Monday, October 6, 2014

Will No One Stand Up for the White Dudes?

One of the few childhood memories that I have managed to hang onto is this: an intense feeling of resentment that the date and time of my mom's wedding meant I wasn't able to watch Ren and Stimpy. Because why hold onto things like the last day I spent with my grandfather before he died--who needs that stuff, amirite? It's strange, though, because I don't really remember watching much of the show at any other point; for pretty much everything Nickelodeon ever put out, to be honest. It's probably that there wasn't much of an opportunity; in my corner of Canada in the early 1990s, the 500-channel universe was still a couple of years away from my house, and our satellite dish was one of those big backyard monsters that looked like what you'd use to beam greetings or dirty limericks to distant stars, and most of the channels ended up getting scrambled after a while anyway.

So I don't have any kind of nostalgia for Nickelodeon. But I know that's not the same for everyone in my age bracket. Recently, because James Nicoll wants to make us all suffer, I came across an interview with Matthew Klickstein, some guy I'd never heard of; at first I thought he was a former Nickelodeon star, but no, he's just the author of an "oral history" of Nickelodeon's golden age, because everything sounds more highbrow if you call it an oral history.

Some of it is pretty innocuous. But not all of it. Take this bit right here.

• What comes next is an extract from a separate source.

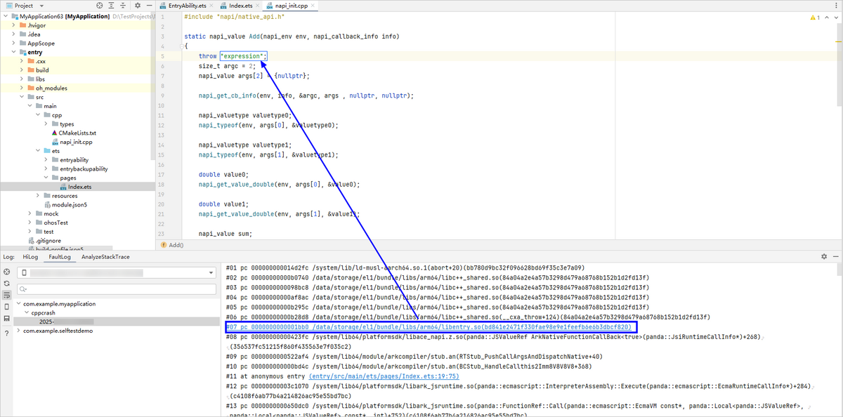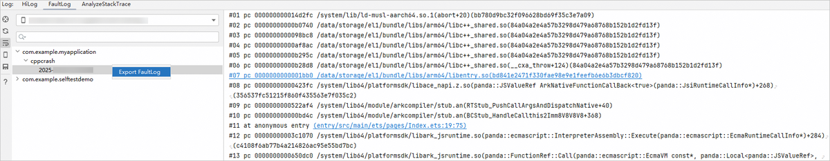 当应用运行发生错误导致应用进程终止时,应用将会抛出错误日志以通知应用崩溃的原因,开发者可通过查看错误日志分析应用崩溃的原因及引起崩溃的代码位置。

"[Nickelodeon series Sanjay and Craig] is awkward because there’s actually no reason for that character to be Indian — except for the fact that [Nickelodeon President] Cyma Zarghami and the women who run Nickelodeon now are very obsessed with diversity."


Or this!

"Some of these other shows — My Brother and Me, Diego, and Legend of Korra — it’s great that they’re bringing diversity into it now. Fantastic. But you know those shows are not nearly as good as Ren and Stimpy, which was made by all white people!"


Or how about this?

"That's true, that's fine, but why can't [a hypothetical Indian kid in the audience] relate to a white guy too? I was talking with the guy who wrote for DC, and he made a really good point: Why does someone who’s making something about a black person need to be black? Why does someone making a show about an Indian person need to be Indian? Why does someone making a show about women need to be a woman? If you’re making something about an alien, you don’t need to be an alien to do it. That’s ultimately what it comes down to: They will connect with the character no matter what."


First off, and I can't believe this guy is dense enough to require me saying this, but here goes: you do not need to be an alien in order to make something about aliens because, to the degree that we have thus far been able to measure, THERE ARE NO ALIENS. There are no Zeta Reticulans who have had their culture appropriated into Halloween costumes, no green people from Antares who have been the butt of joke after racist joke. Aliens are blank slates of a sort that DO NOT EXIST in reality. Aliens do not have to come with baggage, and in that, they can be liberating. When you're dealing with actual peoples that actually exist, it behooves you to not fuck things up, buddy.

Maybe the reason you don't understand why an Indian kid shouldn't have to relate to a white guy is connected to the fact that, as a white guy yourself, somewhere between A BUTTLOAD and DAMN NEAR ALL of the characters presented on TV have historically been, you guessed it, white guys! You ask why a character has to be Indian--did you ever stop to ask yourself why this other character over here has to be white? Or a guy?

The other day, on the last day of Can-Con in Ottawa, I watched the premier episode of Kagagi. It's a new superhero cartoon series airing on APTN, that stars a First Nations teenager, is built around Native mythology, and was broadcast in 20% Algonquin. You know what? It was rad. You know what's more rad, though? That First Nations kids, kids who have to deal with a historical legacy of being shat on and marginalized and dodging genocide that goes back centuries, have someone to identify with who is like them. Who knows what they're going through. Who understands.

Which is more than I can expect from this chump.

But he does provide another data point to shore up my hypothesis that anyone who throws the phrase "political correctness" about as a criticism is most likely an asshole.

(Yes, I know that I am, in fact, a white dude as well. I am often--nah, make that eternally--mortified by the actions of many of those to whom I am phenotypically similar.)